§ **Work item**: Below are some records. Return exactly their lines from the one containing "A young male" through the one containing "Kožená peněženka udělá", and drop the pictures.
··· Excerpted data
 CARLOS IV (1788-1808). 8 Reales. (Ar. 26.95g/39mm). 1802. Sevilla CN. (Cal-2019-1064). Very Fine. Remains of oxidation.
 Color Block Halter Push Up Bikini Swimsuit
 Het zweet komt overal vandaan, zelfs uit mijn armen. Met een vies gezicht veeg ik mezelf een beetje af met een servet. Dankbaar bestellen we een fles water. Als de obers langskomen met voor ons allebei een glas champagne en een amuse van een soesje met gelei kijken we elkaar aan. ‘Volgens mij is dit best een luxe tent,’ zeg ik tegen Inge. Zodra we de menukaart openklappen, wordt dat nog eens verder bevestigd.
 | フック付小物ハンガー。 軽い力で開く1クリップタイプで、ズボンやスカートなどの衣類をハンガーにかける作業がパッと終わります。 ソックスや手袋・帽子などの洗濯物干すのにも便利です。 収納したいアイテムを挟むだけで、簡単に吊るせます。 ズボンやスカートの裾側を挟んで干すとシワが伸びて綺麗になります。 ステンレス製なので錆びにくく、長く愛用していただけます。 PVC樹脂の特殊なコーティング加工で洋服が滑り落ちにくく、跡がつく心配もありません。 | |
······
··· Excerpted data
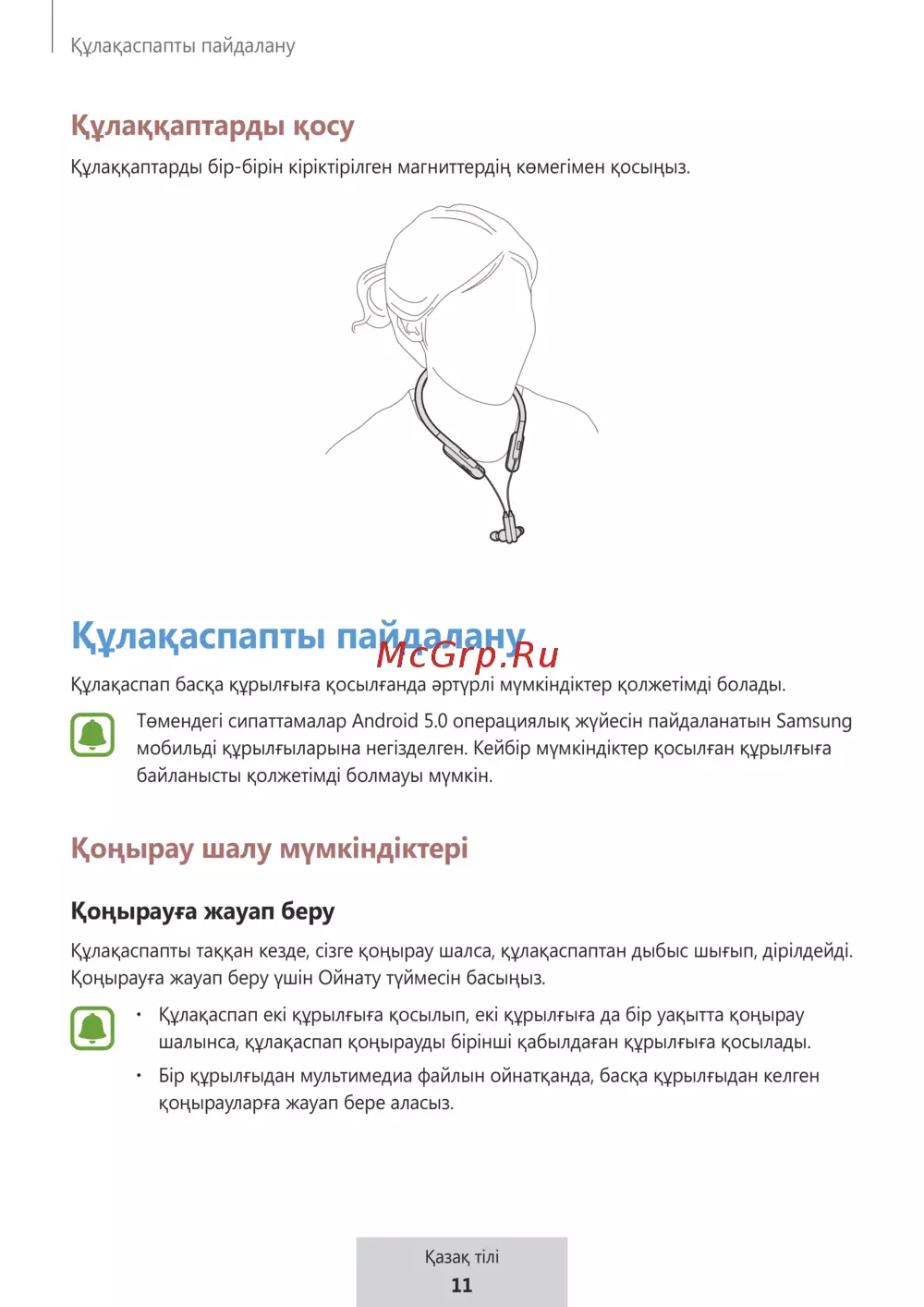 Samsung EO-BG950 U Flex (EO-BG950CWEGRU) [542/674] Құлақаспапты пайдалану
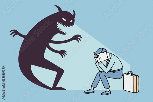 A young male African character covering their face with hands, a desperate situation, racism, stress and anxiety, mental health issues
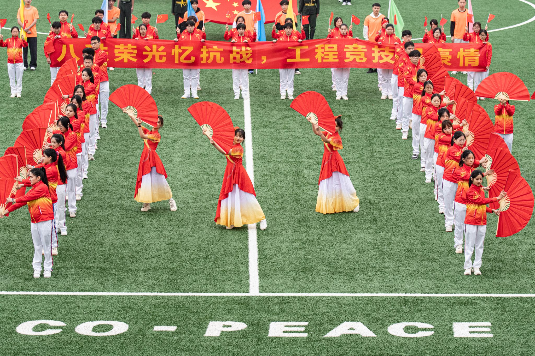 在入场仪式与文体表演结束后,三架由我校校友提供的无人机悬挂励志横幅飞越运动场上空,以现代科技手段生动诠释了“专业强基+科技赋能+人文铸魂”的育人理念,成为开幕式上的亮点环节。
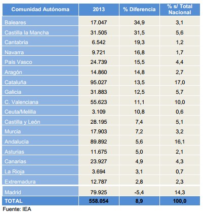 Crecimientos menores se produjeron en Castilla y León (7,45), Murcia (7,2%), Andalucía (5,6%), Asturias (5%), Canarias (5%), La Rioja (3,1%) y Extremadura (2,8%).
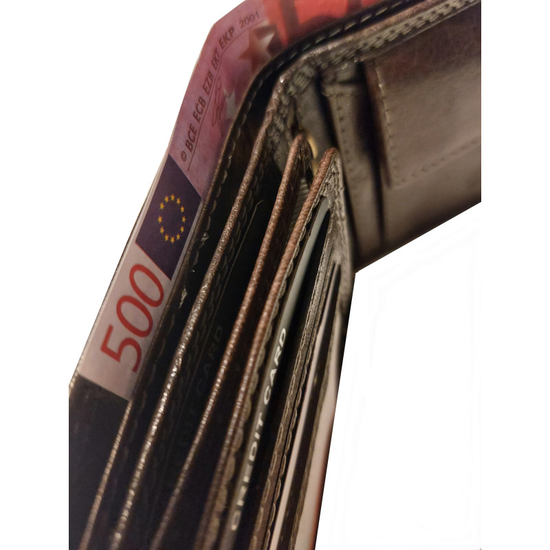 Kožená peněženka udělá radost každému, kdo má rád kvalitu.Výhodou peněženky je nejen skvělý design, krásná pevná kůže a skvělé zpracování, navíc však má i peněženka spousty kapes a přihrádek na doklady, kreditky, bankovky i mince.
······
§ **Response to the exercise**:
 A young male African character covering their face with hands, a desperate situation, racism, stress and anxiety, mental health issues
 在入场仪式与文体表演结束后,三架由我校校友提供的无人机悬挂励志横幅飞越运动场上空,以现代科技手段生动诠释了“专业强基+科技赋能+人文铸魂”的育人理念,成为开幕式上的亮点环节。
 Crecimientos menores se produjeron en Castilla y León (7,45), Murcia (7,2%), Andalucía (5,6%), Asturias (5%), Canarias (5%), La Rioja (3,1%) y Extremadura (2,8%).
 Kožená peněženka udělá radost každému, kdo má rád kvalitu.Výhodou peněženky je nejen skvělý design, krásná pevná kůže a skvělé zpracování, navíc však má i peněženka spousty kapes a přihrádek na doklady, kreditky, bankovky i mince.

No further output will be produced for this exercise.